Ao analisar em detalhes os programas de todos os candidatos, a rede de organizações ambientalistas Ação Clima colocou o projeto de Macron entre os últimos colocados, julgando que “não apresenta solução a curto e a médio prazo para as energias renováveis e tem propostas limitadas para os transportes”.

Já os candidatos da direita conservadora, Valérie Pécresse, do Republicanos, e principalmente da extrema direita, Marine Le Pen, do Reunião Nacional e Éric Zemmour (Reconquista!), dedicam pouco ou nenhum espaço ao assunto em seus programas de governo.

Desconexão com preocupações da população

“Para começar, acho que alguns dos candidatos, sejam de direita ou de esquerda, são bastante incompetentes sobre o assunto, não conhecem nada.
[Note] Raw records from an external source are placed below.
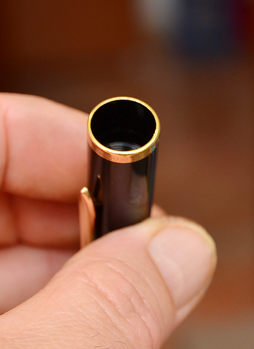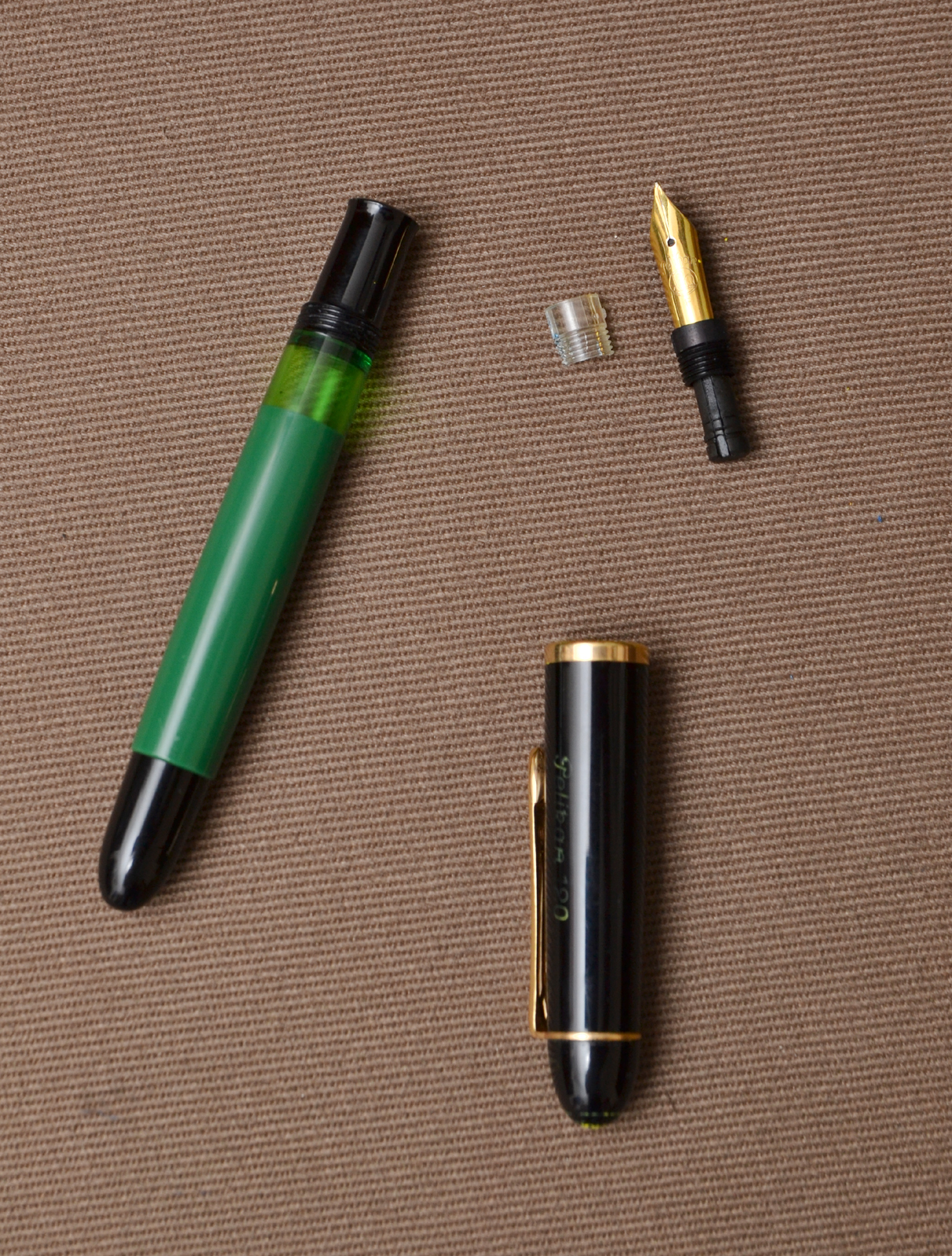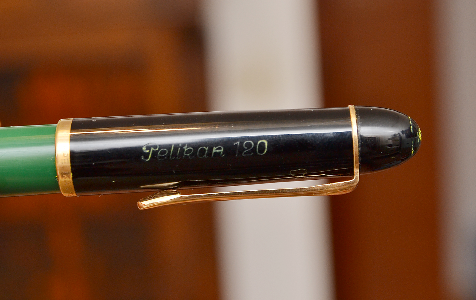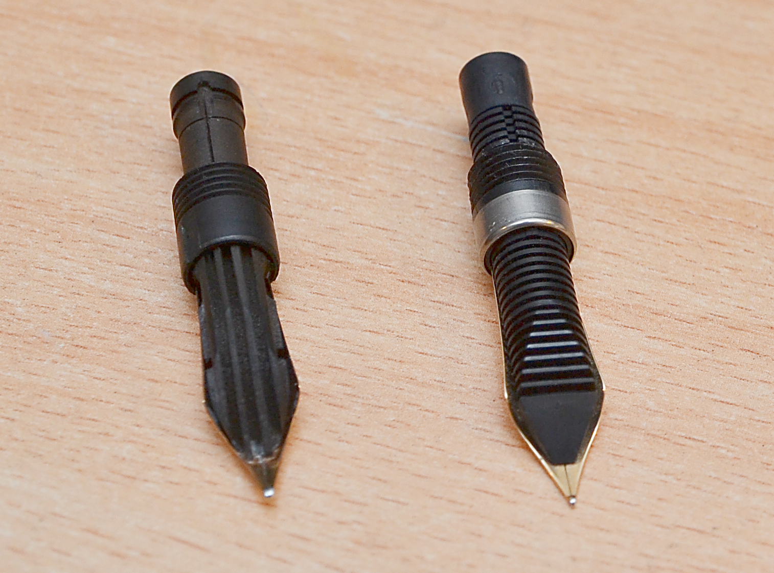La Pelikan 120 e la 140 sembrano identiche tranne che per il pennino, subito salta agli occhi che uno è placcato, l'altro è in oro 585.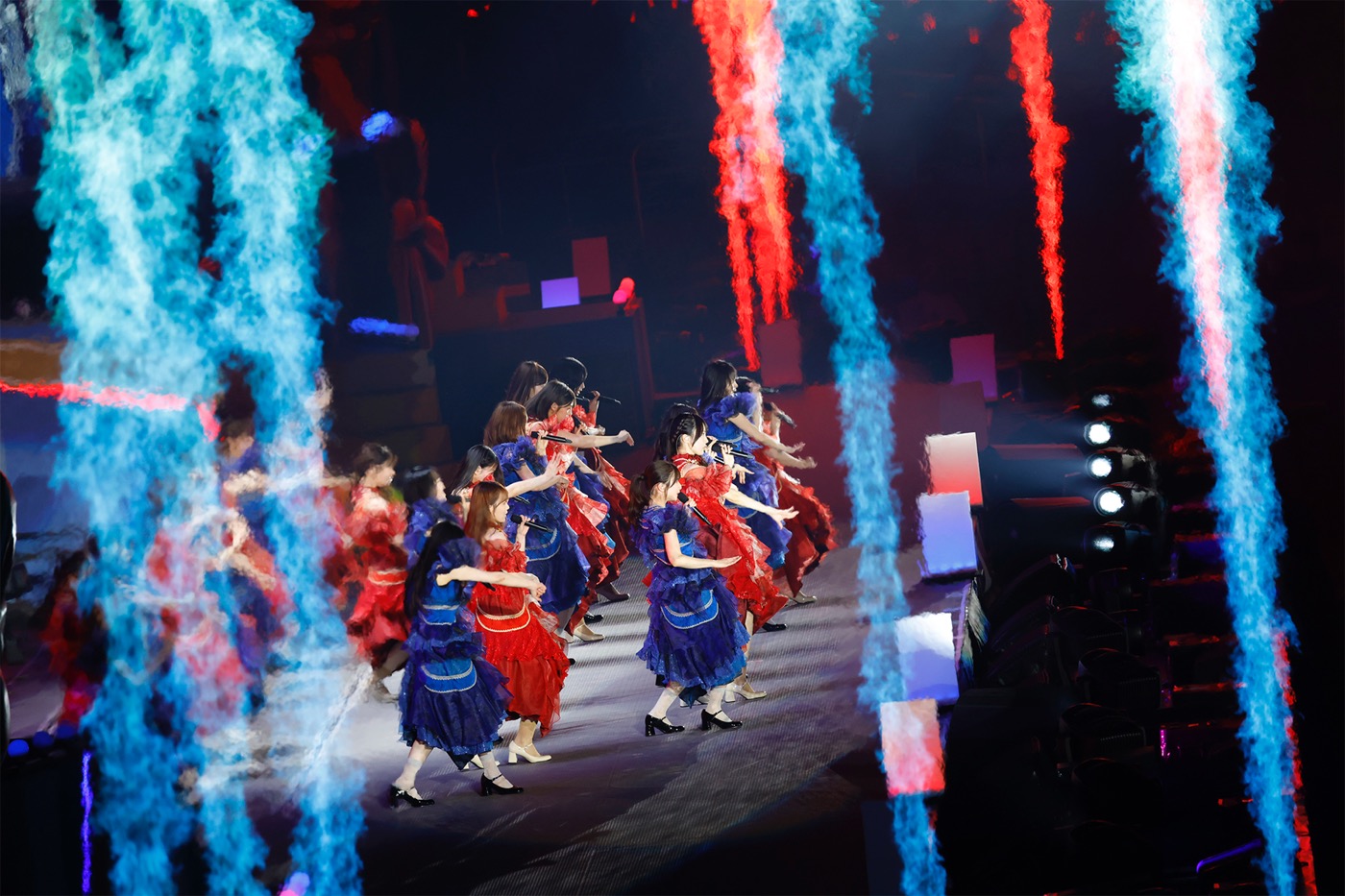 怒涛のメドレーを完遂したあとは、13歳の誕生日をお祝いする「Happy Birthday to You」の合唱を経て、遠藤や中西を中心とする青組、賀喜や井上を筆頭とした赤組の2チームに分かれてパフォーマンスに挑む。それぞれのチームカラーの衣装を身にまとい、青組は「Actually…」「ごめんねFingers crossed」、赤組は「おひとりさま天国」「I see…」と、月と太陽をイメージさせる対照的な選曲とパフォーマンスを見せる。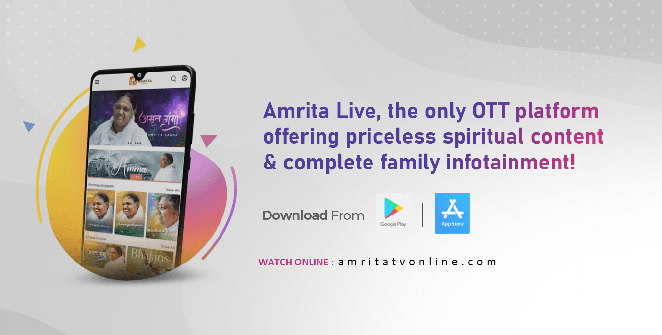 Malayalam FTA (Free to Air) Channel From Mata Amritanandamayi Math Launched it’s official Android and IOS Mobile Application Titled, Amrita Live. It’s Available on Apple Store, Google Play Store for Download for Free. You need to create and Account to use the service, With your email id can create the same. Tagline of this service is Amrita Live, the only OTT platform offering priceless spiritual content & Complete family infotainment.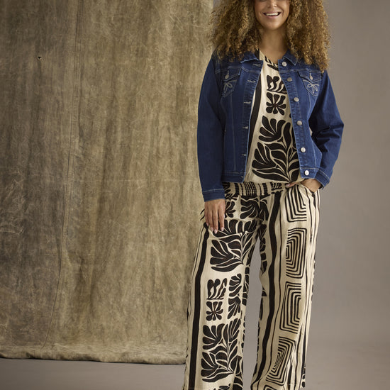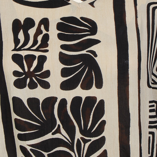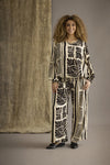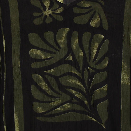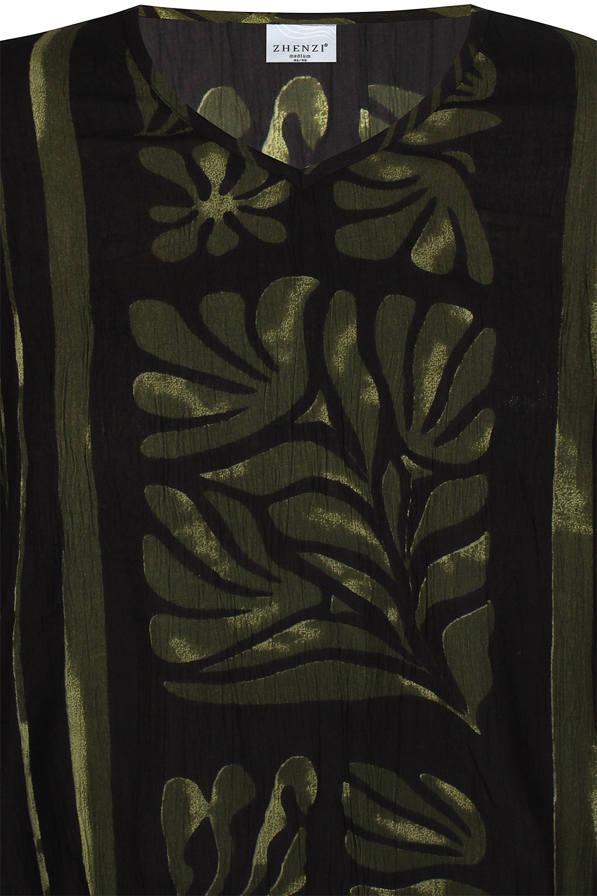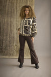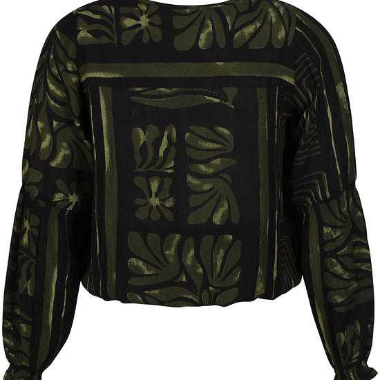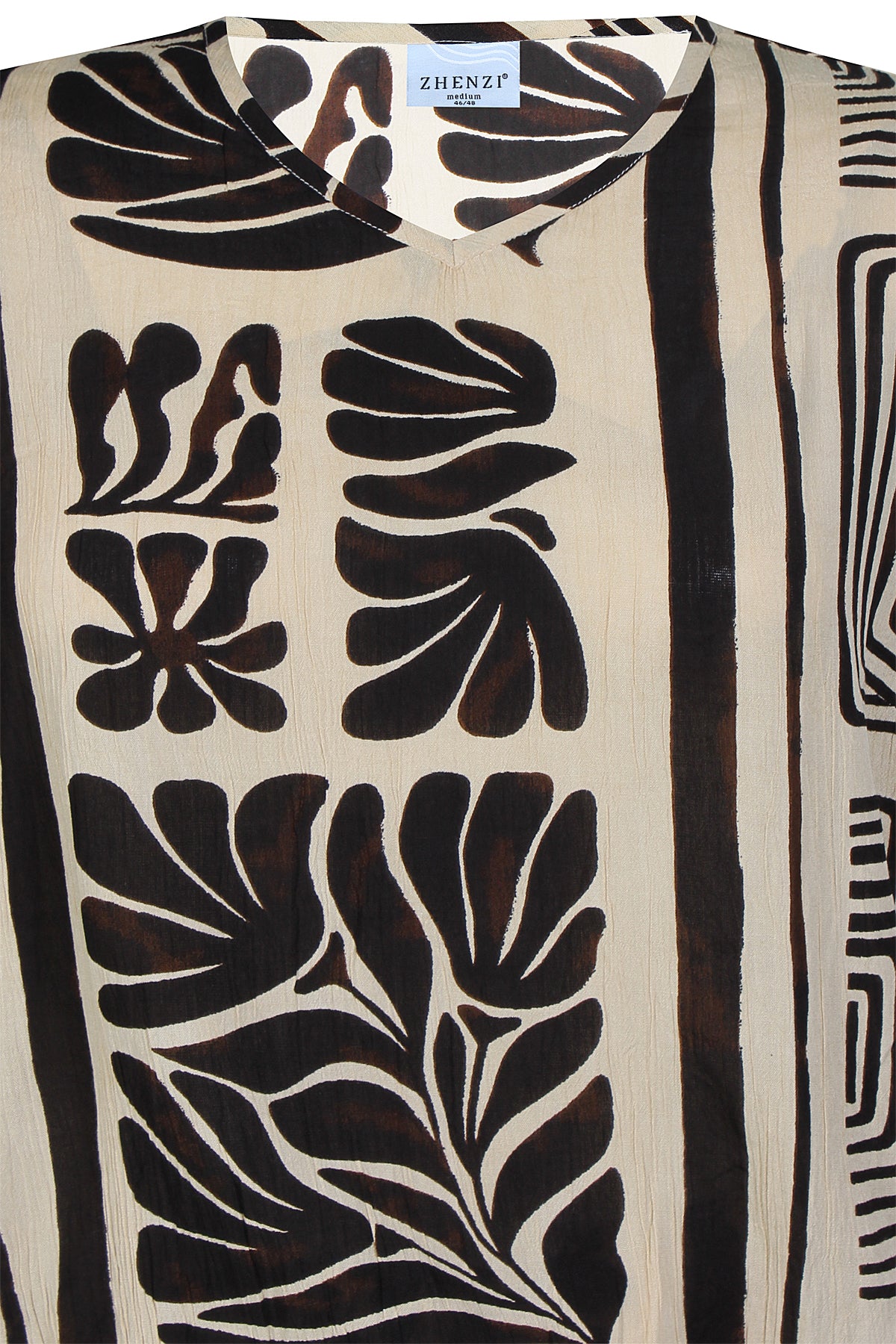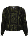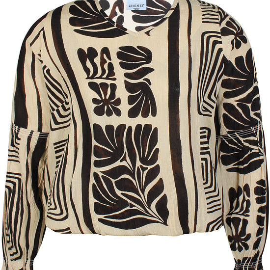 Blusen kommer i to sofistikerede farver: chokolade og army way, der begge tilføjer et strejf af elegance til din garderobe. Det iøjnefaldende mønster med store, abstrakte blade og geometriske figurer skaber et unikt look, der vil fange opmærksomheden. Uanset om du vælger at bære den til hverdag eller til en festlig anledning, vil denne bluse være et stilfuldt valg.

Respondem que a França é pequena, é responsável por apenas 1% das emissões e por isso não haveria nada a ser feito”, critica a professora emérita do CNRS. “Porém o clima, a biodiversidade e outros aspectos são cada vez mais importantes para o nosso país e a população – e ela está claramente preocupada com isso, como mostram todas as pesquisas. Um terço dos habitantes da França já foi atingida por ondas de calor, tempestades, enchentes, e se preocupa em saber o que vai acontecer”, ressalta.

Uma sondagem do instituto Ipsos mostrou que, entre os eleitores de até 30 anos, a crise climática é o segundo problema que gera mais preocupação, atrás apenas do poder aquisitivo. A pesquisadora sublinha que, apesar de praticamente ignorados na campanha, os desafios diante de qualquer presidente serão cada vez maiores para o enfrentamento não só das causas do aquecimento do planeta – ou seja, a redução de emissões de gases de efeito estufa –, como as consequências do problema.

Os próximos anos, frisa Amy Dahan, serão determinantes para os países conseguirem limitar a alta de temperaturas a menos de 2ºC até o fim do século, como estipula o Acordo de Paris sobre o Clima.

"Se os franceses não têm a chance de escolher e a palavra deles não é ouvida sobre tudo isso e todos os riscos envolvidos, como podemos considerar que uma democracia está funcionando bem? Eu também acho que os candidatos, por uma certa covardia, evitam abordar assuntos que incomodam e que exigiriam algumas reorientações drásticas na sociedade, e então preferem se calar sobre os grandes problemas que teremos de enfrentar”, analisa a cientista.